There are some people in the public eye who get their personal style and their brand working as one. Someone who has shown they marry those two together and does a really good job of it is Amal Clooney. It doesn’t matter whether she’s rocking up to a royal wedding or she’s outside some High Commission Court, she is always Amal Clooney. She but she obviously has to work at the most corporate end of law but she still allows herself and her feminine style to come through and she isn’t scared of a bit of colour. She’s really brought her own personality and her own style into her space and and she’s challenging those corporate law environment stereotypes. She’s done that beautifully.
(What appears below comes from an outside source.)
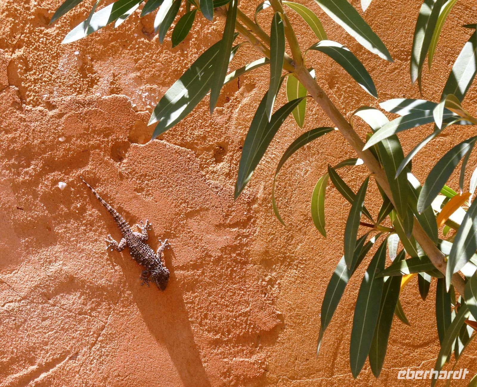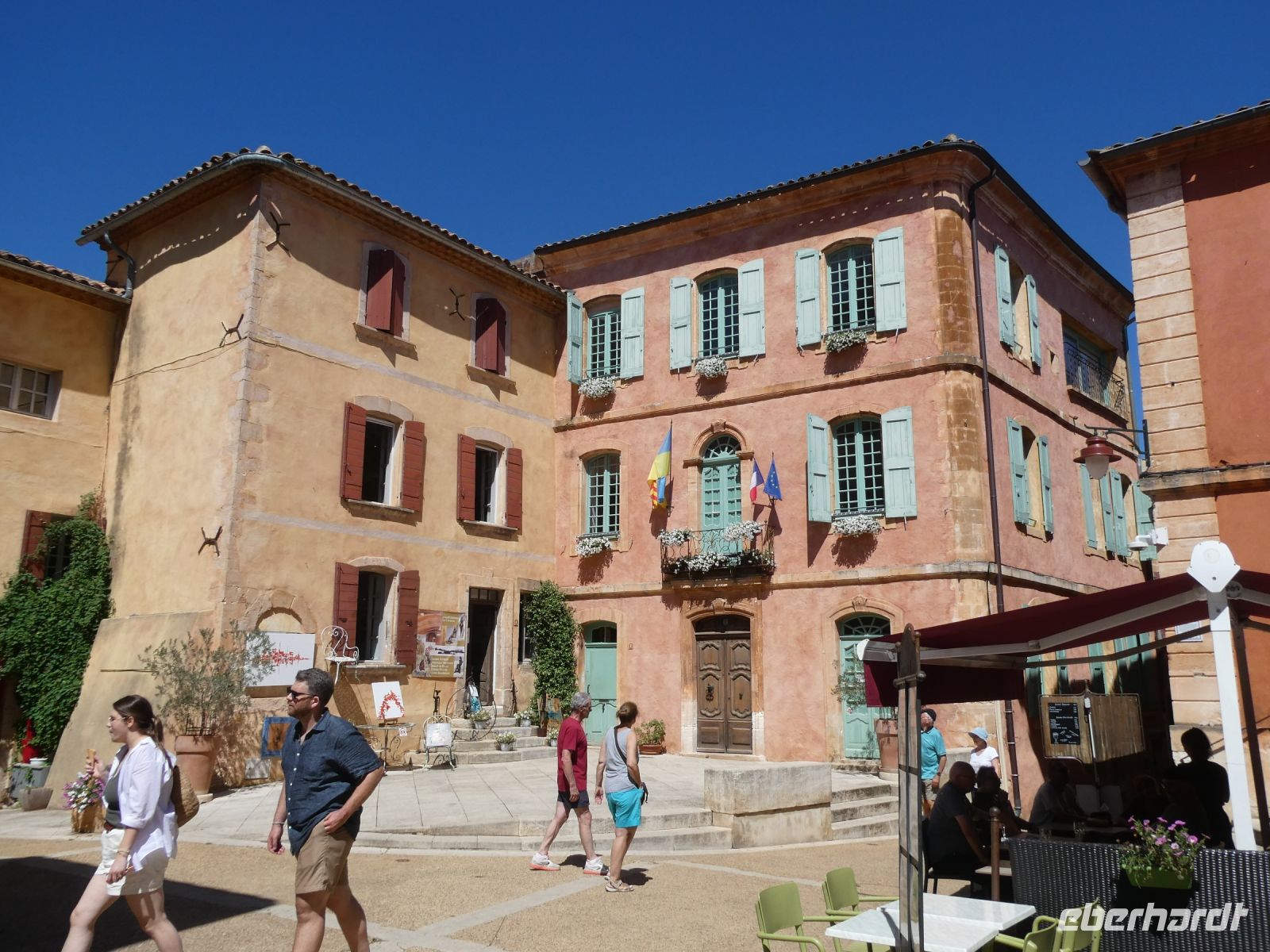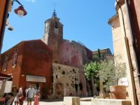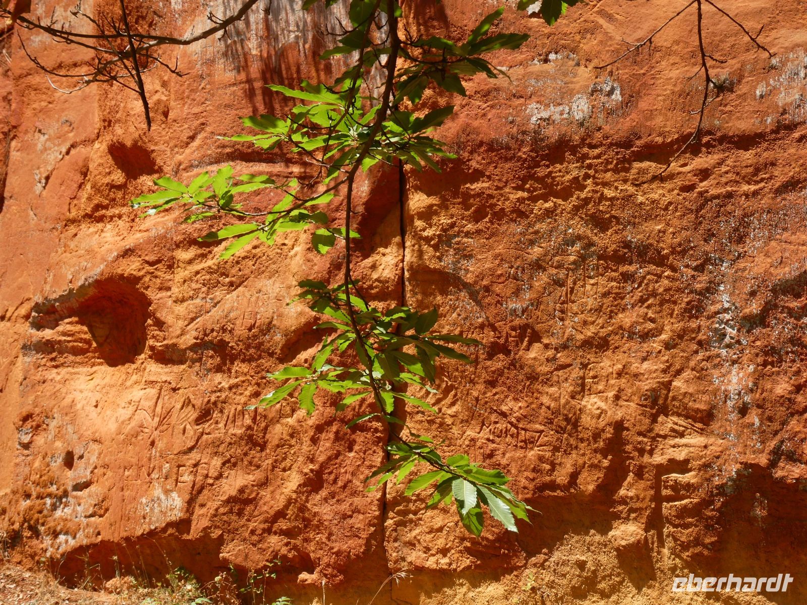 Danach aber geschieht ein Wunder. Waren wir doch ziemlich unsicher bezüglich des "Ockerwanderweges" in Roussillon, der bei Starkregen nicht zu begehen ist. Der Himmel verändert seine Farbe in Richtung Blau und als wir in Roussillon ankommen könnte er blauer nicht sein. Die Bedingungen zum Spazieren gehen sind sogar besser als sonst, bleibt einem doch der rote Feinstaub erspart, der sonst die Kleider bepudert und in alle Ritzen dringt.

And it’s not just because she’s married to George! In fact I think George is the trophy in that relationship!

The other person who I think marries that personal styling and brand is Jennifer Aniston, so someone completely different. I’m not a big JA fan to be honest with you but I really love the fact that she is true to her natural style and her natural beauty. She’s a natural living girl, she’s a Yogi, she’s into her nutrition, she’s into her health. When she steps out on the red carpet she’s never overdone. She really sticks to her true unique brand and style. You can see her personality. That’s what she really wants to sell – herself!

So what is it about you and your personal style that you want to become part of your personal brand? So for me I like to be on the creative side of fashion but not to the point where I’m polarising people. I like to be able to walk into the Queensland Leaders forum and stand out, but not in the wrong way. Appropriation is really important too. It’s all very well to be inspired and aspirational in your dressing, but we also have to find where it might border on appropriation and that’s where a stylist can help.

I do think that if you’re investing your life and your time and your savings into developing your brand then you should seek out some objective views and insights into your style, just like you would go and see someone about SEO or marketing. Really, having a stylist to give you a good guide and set your own blueprint, having a good understanding of what your brand is, what messages you want to sell and what it is you do. From yoga retreat, to writing a book to entrepreneurial coach – we want to be the best version of ourselves and the most natural version of ourselves, with a bit of polish and style on the edges. That way you’ve got the winning formula!

How can we build our sustainable personal brand in a cost conscious way?

Sustainability isn’t just about eco fashion and ethical fashion although that is the way forward. You’re doing more than just buying a piece of clothing, you’re advocating or supporting companies that care about their workers. It can also be when you’re buying clothes and accessories that you’re supporting local businesses, whether online or offline. I’m a fan of boutique and more independent chains, but I work with whatever you feel comfortable.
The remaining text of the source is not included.